| DATA FOR THIS EXERCISE |
■ ■ ■ ■ ■ ■ ■
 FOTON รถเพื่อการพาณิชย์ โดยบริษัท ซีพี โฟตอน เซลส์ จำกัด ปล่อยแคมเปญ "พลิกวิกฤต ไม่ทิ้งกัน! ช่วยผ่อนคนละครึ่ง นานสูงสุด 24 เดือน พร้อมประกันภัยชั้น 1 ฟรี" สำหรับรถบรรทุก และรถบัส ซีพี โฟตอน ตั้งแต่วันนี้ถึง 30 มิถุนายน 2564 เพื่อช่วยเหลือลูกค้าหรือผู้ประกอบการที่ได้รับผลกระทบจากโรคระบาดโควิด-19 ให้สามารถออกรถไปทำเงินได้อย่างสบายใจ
■ ■ ■ ■ ■ ■ ■
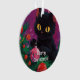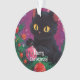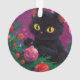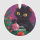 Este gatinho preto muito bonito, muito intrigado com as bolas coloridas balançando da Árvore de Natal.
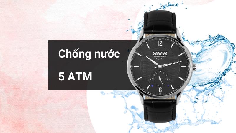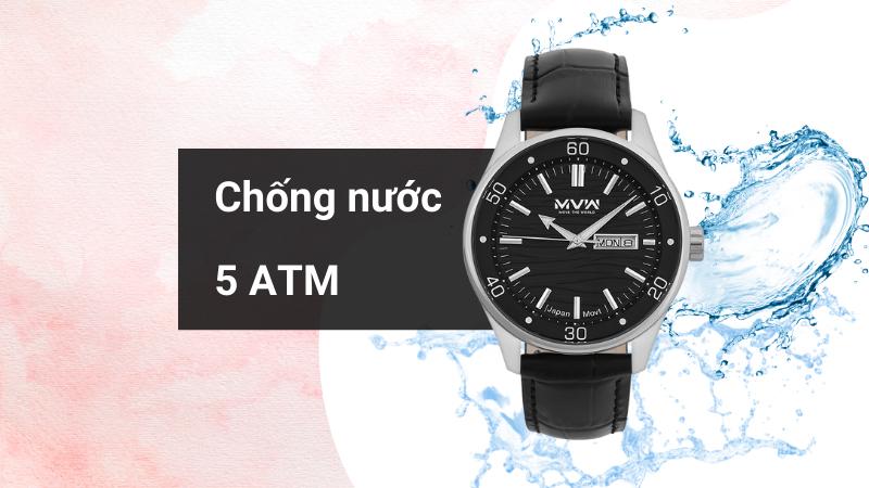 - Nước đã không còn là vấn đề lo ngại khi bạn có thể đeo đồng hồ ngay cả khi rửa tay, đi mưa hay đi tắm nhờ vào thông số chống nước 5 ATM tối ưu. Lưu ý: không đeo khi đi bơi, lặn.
■ ■ ■ ■ ■ ■ ■
| WHAT IS REQUIRED |
Once the line with "Este gatinho preto" is found above, print it and every line after it through the line with "- Nước đã không", exactly. Pictures stay out.

| YOUR RESPONSE |
 Este gatinho preto muito bonito, muito intrigado com as bolas coloridas balançando da Árvore de Natal.
 - Nước đã không còn là vấn đề lo ngại khi bạn có thể đeo đồng hồ ngay cả khi rửa tay, đi mưa hay đi tắm nhờ vào thông số chống nước 5 ATM tối ưu. Lưu ý: không đeo khi đi bơi, lặn.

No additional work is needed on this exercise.